The present invention is a substantial modification over existing processes used to produce valve seat inserts. The invention overcomes the above limitations of the prior art by precision forming the valve seat insert and then performing a wear resistant or surface hardening treatment upon the valve seat insert prior to inserting the insert into the engine block. The invention also allows for the use of coating/surface treatments having very thin layers that would be completely removed if any machining were subsequently done after treatment. In a preferred embodiment, the coating/surface treatment typically produces less than 0.05 mm dimensional change on the surface of the insert.
Specifically, the valve seat insert is formed, and the seating surface of the valve seat insert is precision machined. The precision formed seating surface of the valve seat insert is then hardened using a hardening technique. In some embodiments, the hardening step occurs by applying a wear resistant coating or surface treatment to the precision seating surface. The coating or treatment chosen is such that minimal dimensional changes are produced in the precision seating surface. Finally, the precision formed and hardened valve seat insert is inserted into the cylinder head or block of the engine without the need for additional machining.
Before embodiments of the invention are explained in detail, it is to be understood that the invention is not limited in its application to the details of the articles, composition or concentration of components, or to the steps or acts set forth in the following description. The invention is capable of other embodiments and of being practiced or being carried out in various ways. Also, it is understood that the phraseology and terminology used herein is for the purpose of description and should not be regarded as limiting.
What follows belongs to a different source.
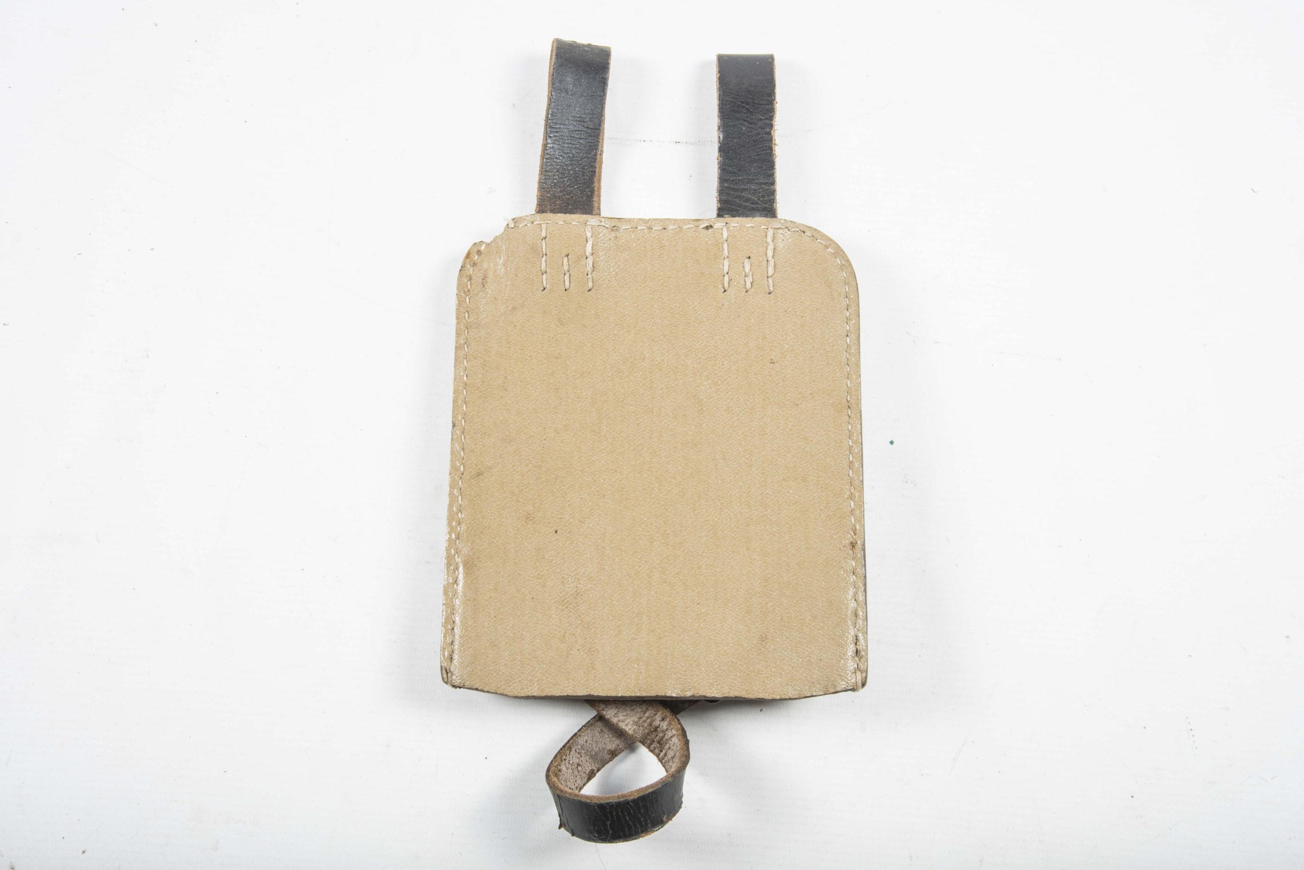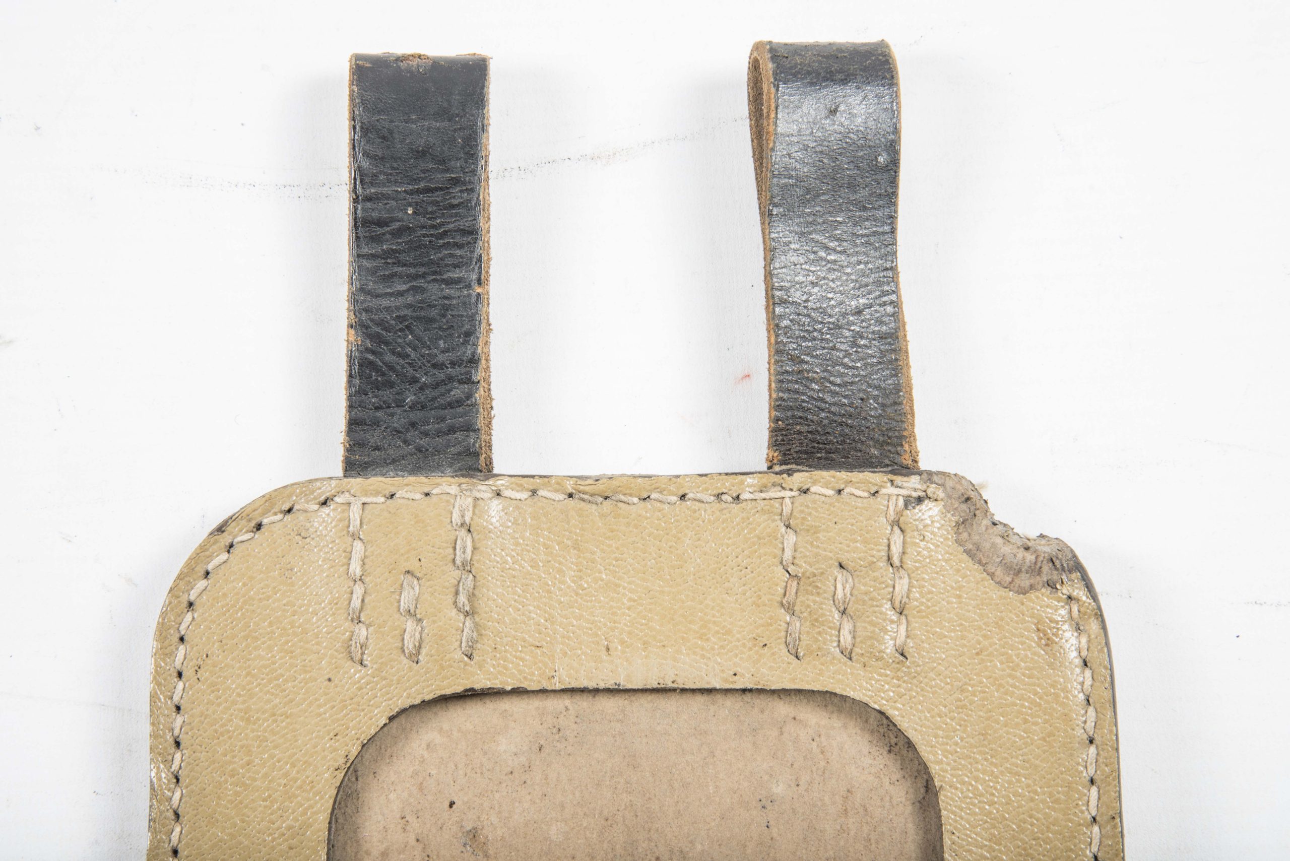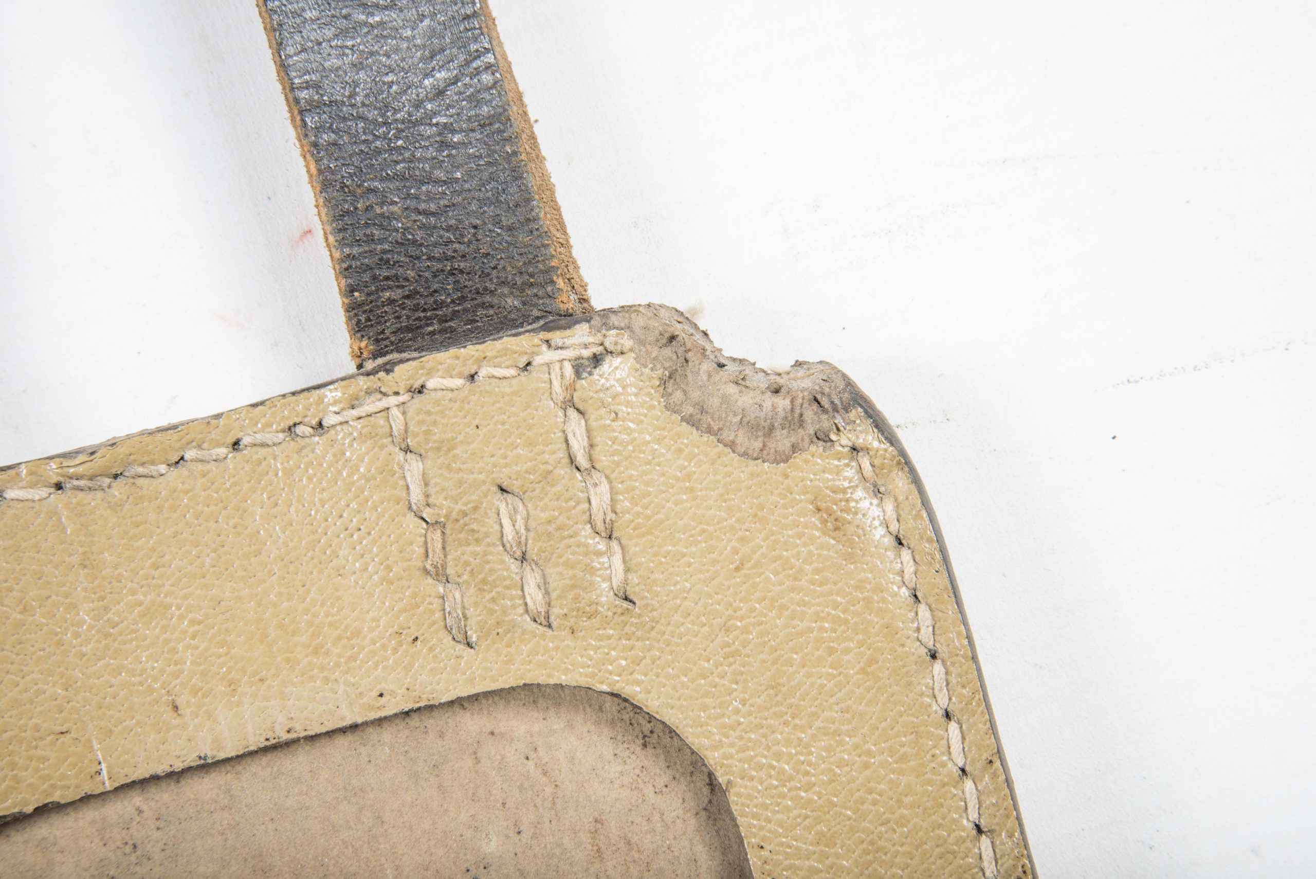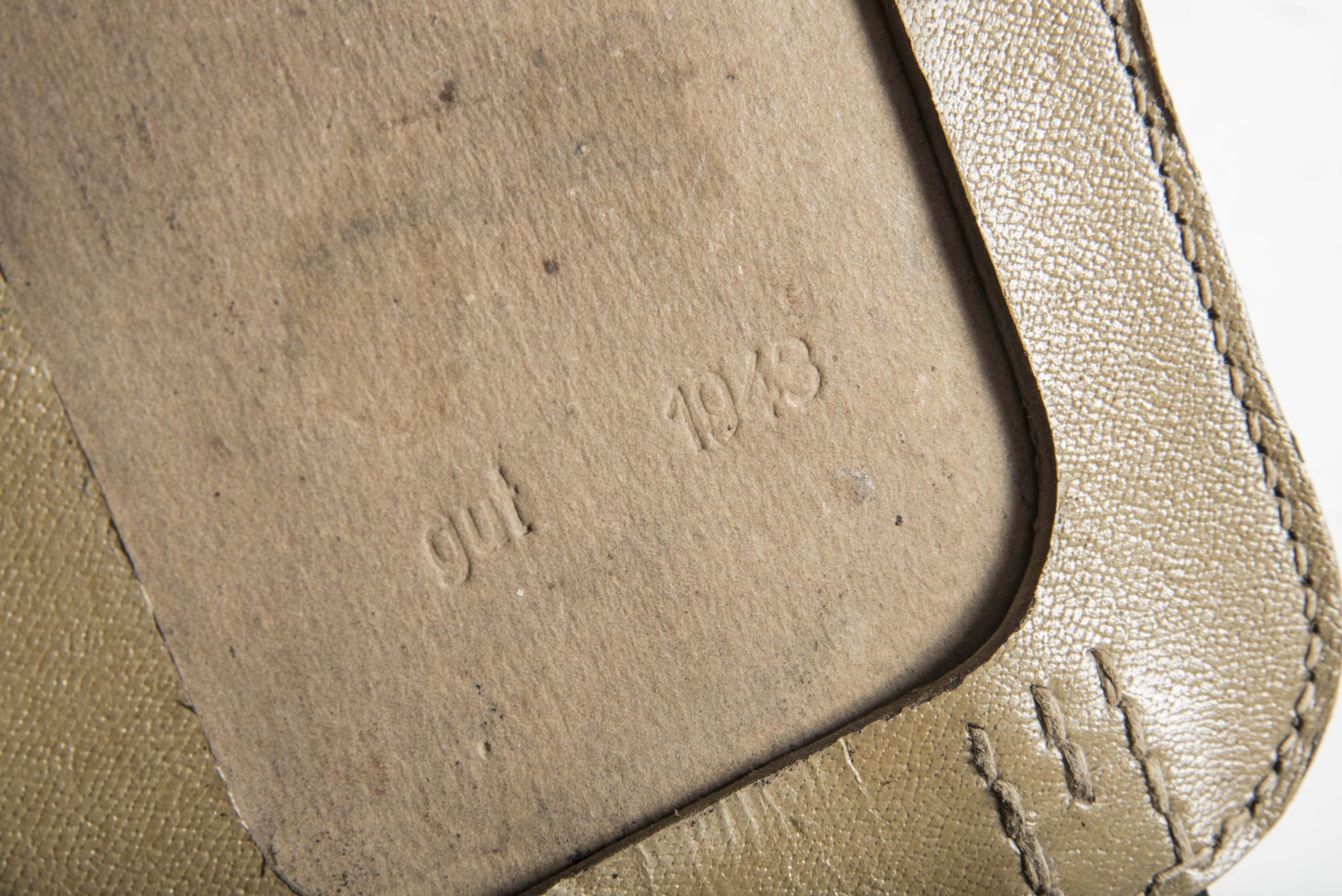 Straight black rubberised E-tool carrier marked gut 1943 indicating production by Walter Schuermann u. Co., Lederwarenfabrik, Bielefeld in 1943. There is a small damage on the upper right corner; otherwise it is in unissued condition. Beautiful and textbook example!

The FIGURE shows a cross-sectional view of a valve seat insert of one embodiment of the invention.
Generally, the valve seat inserts, and process for producing the valve seat inserts according to the invention can be broken down into two general aspects: first, the valve seat inserts are precision formed, and second, the precision formed valve seat inserts are treated to increase wearability prior to insertion into the engine block.
In one embodiment, valve seat inserts are formed by sand casting a modified molybdenum high speed steel commercially available from L. E. Jones under the designation alloy J120V to form the valve seat inserts. Sand casting techniques generally known in the art are used. It should be understood, however, that the use of other techniques for producing rough valve seat inserts are contemplated. Additionally, the use of different alloys or materials is contemplated for use in the current invention, and that the invention is not limited to these specifics.
Next, the valve seat inserts were precision machined to produce a seating surface with the following tolerances:
Referring to the FIGURE, precision machining procedures are utilized to produce an insert 10 with a seating surface where the seat 12 angle, the seat 12 surface finish, the seat 12 profile, and the seat runout as compared to both the outside diameter (O.D.) and the bottom face 14 of the valve seat insert 10 are all controlled to very precise tolerances. These controls produce prefinished valve seat inserts, which can be installed in cylinder heads or engine blocks with no need for additional seat machining. It should be understood that known machining processes that can produce such exact tolerances are usable in the current invention.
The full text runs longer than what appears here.